### WHAT TO WORK ON:
Here the job is to transcribe the data verbatim while leaving each picture out.

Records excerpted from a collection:
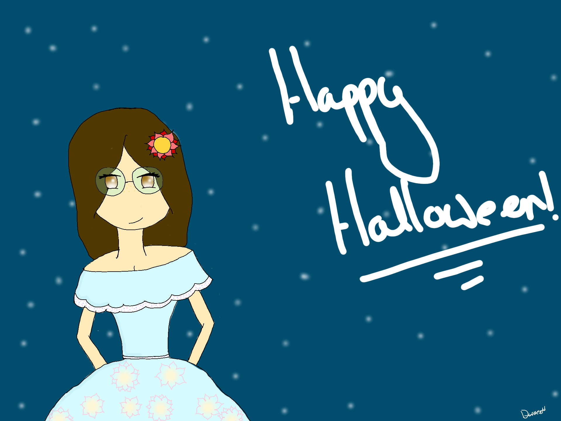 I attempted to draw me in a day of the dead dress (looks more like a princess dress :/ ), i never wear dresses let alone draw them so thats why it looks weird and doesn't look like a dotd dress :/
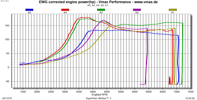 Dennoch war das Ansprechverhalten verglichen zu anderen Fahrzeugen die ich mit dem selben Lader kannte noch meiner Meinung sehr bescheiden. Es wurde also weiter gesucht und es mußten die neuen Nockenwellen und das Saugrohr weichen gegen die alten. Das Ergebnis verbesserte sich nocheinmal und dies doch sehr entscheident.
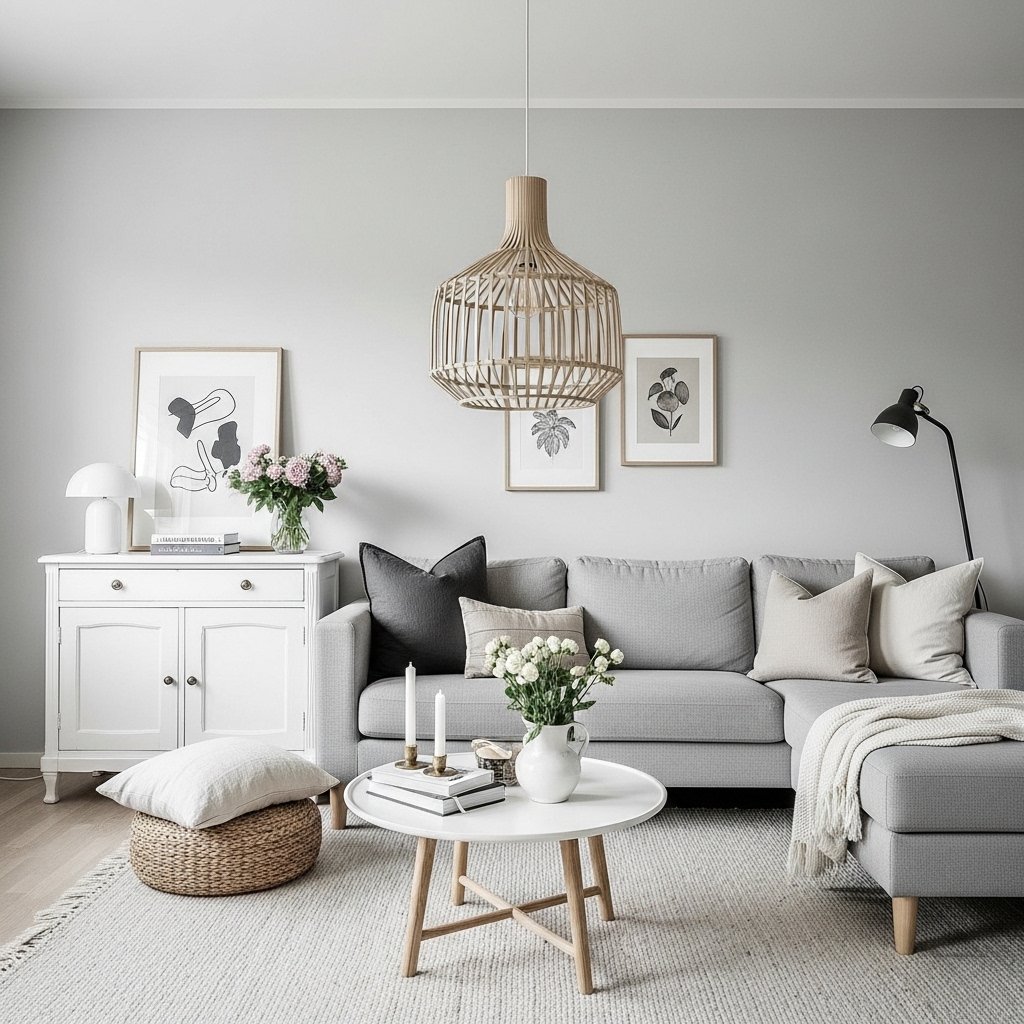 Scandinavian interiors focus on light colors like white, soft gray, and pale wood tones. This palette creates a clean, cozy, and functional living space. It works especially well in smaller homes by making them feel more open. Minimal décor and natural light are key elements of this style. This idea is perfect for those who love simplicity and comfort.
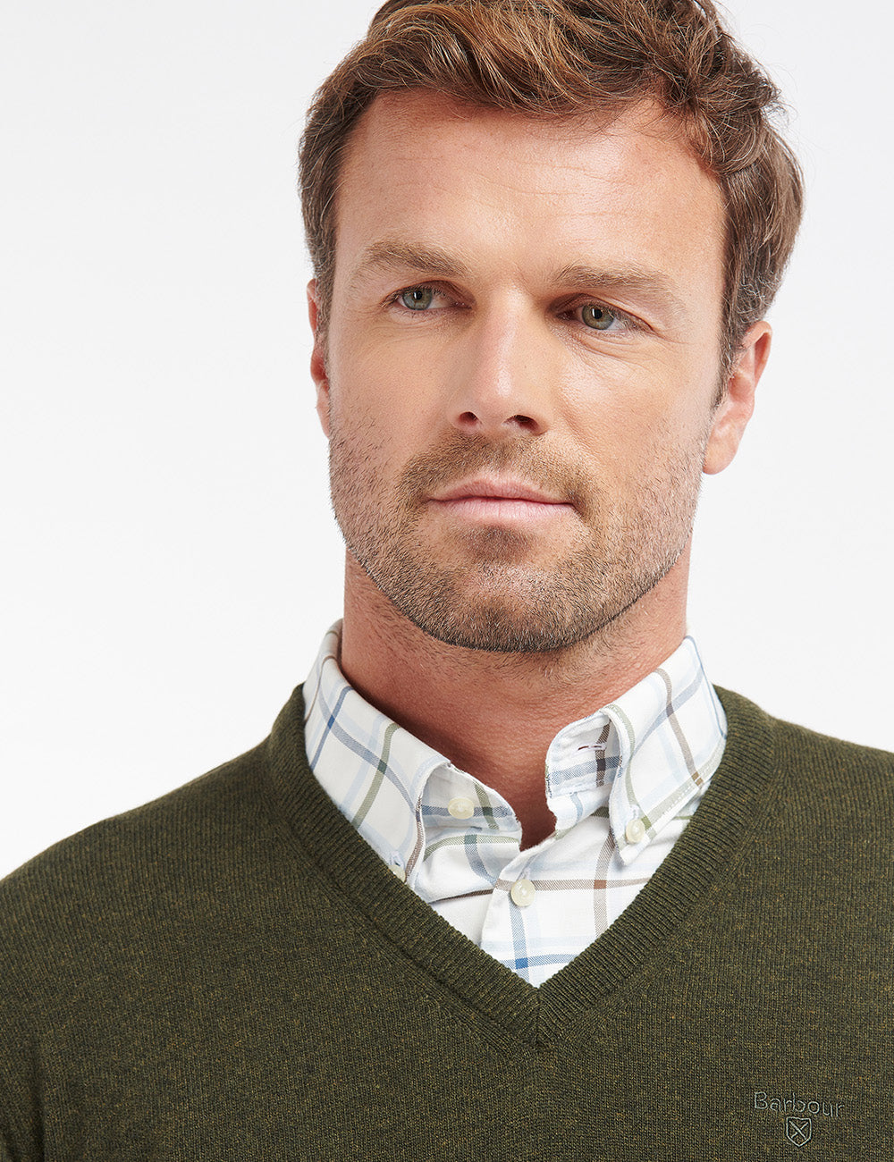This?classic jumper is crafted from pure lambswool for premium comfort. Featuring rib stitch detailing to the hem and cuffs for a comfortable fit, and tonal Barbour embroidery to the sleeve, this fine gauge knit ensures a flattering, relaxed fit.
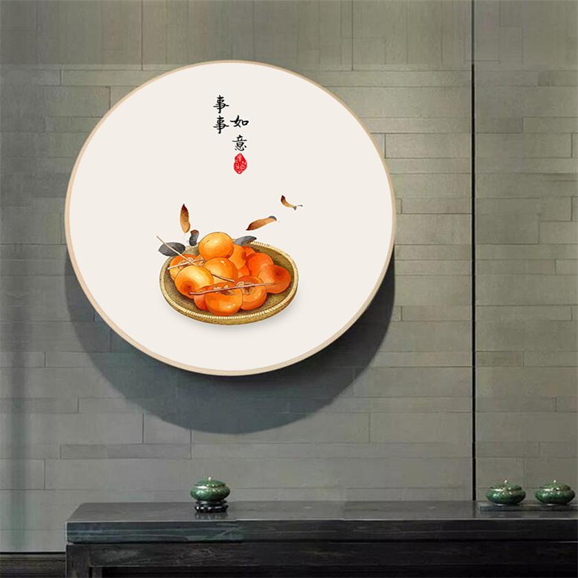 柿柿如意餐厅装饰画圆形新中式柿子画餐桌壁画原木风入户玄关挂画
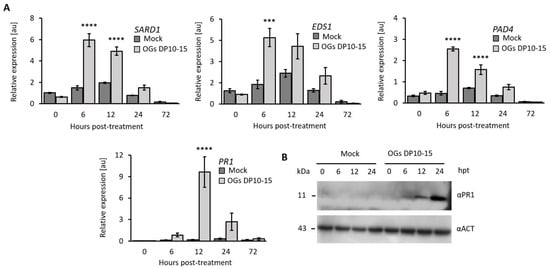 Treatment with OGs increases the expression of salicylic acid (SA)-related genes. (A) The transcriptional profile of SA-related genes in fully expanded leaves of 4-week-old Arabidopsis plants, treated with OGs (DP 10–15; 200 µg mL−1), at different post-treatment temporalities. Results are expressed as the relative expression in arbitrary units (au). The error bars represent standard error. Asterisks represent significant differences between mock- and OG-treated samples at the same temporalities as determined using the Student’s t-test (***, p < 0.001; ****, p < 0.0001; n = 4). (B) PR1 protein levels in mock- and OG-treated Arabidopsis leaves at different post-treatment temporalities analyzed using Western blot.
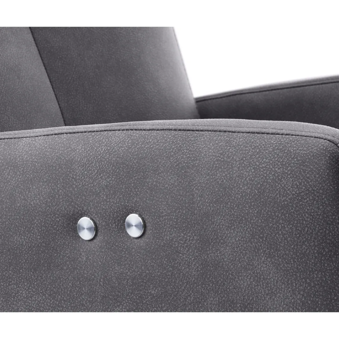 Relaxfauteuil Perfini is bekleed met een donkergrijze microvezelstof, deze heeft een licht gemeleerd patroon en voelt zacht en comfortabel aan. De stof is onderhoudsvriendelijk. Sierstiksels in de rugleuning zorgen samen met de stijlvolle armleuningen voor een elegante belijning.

### OUTPUT OF THE EXERCISE:
 I attempted to draw me in a day of the dead dress (looks more like a princess dress :/ ), i never wear dresses let alone draw them so thats why it looks weird and doesn't look like a dotd dress :/
 Dennoch war das Ansprechverhalten verglichen zu anderen Fahrzeugen die ich mit dem selben Lader kannte noch meiner Meinung sehr bescheiden. Es wurde also weiter gesucht und es mußten die neuen Nockenwellen und das Saugrohr weichen gegen die alten. Das Ergebnis verbesserte sich nocheinmal und dies doch sehr entscheident.
 Scandinavian interiors focus on light colors like white, soft gray, and pale wood tones. This palette creates a clean, cozy, and functional living space. It works especially well in smaller homes by making them feel more open. Minimal décor and natural light are key elements of this style. This idea is perfect for those who love simplicity and comfort.
This?classic jumper is crafted from pure lambswool for premium comfort. Featuring rib stitch detailing to the hem and cuffs for a comfortable fit, and tonal Barbour embroidery to the sleeve, this fine gauge knit ensures a flattering, relaxed fit.
 柿柿如意餐厅装饰画圆形新中式柿子画餐桌壁画原木风入户玄关挂画
 Treatment with OGs increases the expression of salicylic acid (SA)-related genes. (A) The transcriptional profile of SA-related genes in fully expanded leaves of 4-week-old Arabidopsis plants, treated with OGs (DP 10–15; 200 µg mL−1), at different post-treatment temporalities. Results are expressed as the relative expression in arbitrary units (au). The error bars represent standard error. Asterisks represent significant differences between mock- and OG-treated samples at the same temporalities as determined using the Student’s t-test (***, p < 0.001; ****, p < 0.0001; n = 4). (B) PR1 protein levels in mock- and OG-treated Arabidopsis leaves at different post-treatment temporalities analyzed using Western blot.
 Relaxfauteuil Perfini is bekleed met een donkergrijze microvezelstof, deze heeft een licht gemeleerd patroon en voelt zacht en comfortabel aan. De stof is onderhoudsvriendelijk. Sierstiksels in de rugleuning zorgen samen met de stijlvolle armleuningen voor een elegante belijning.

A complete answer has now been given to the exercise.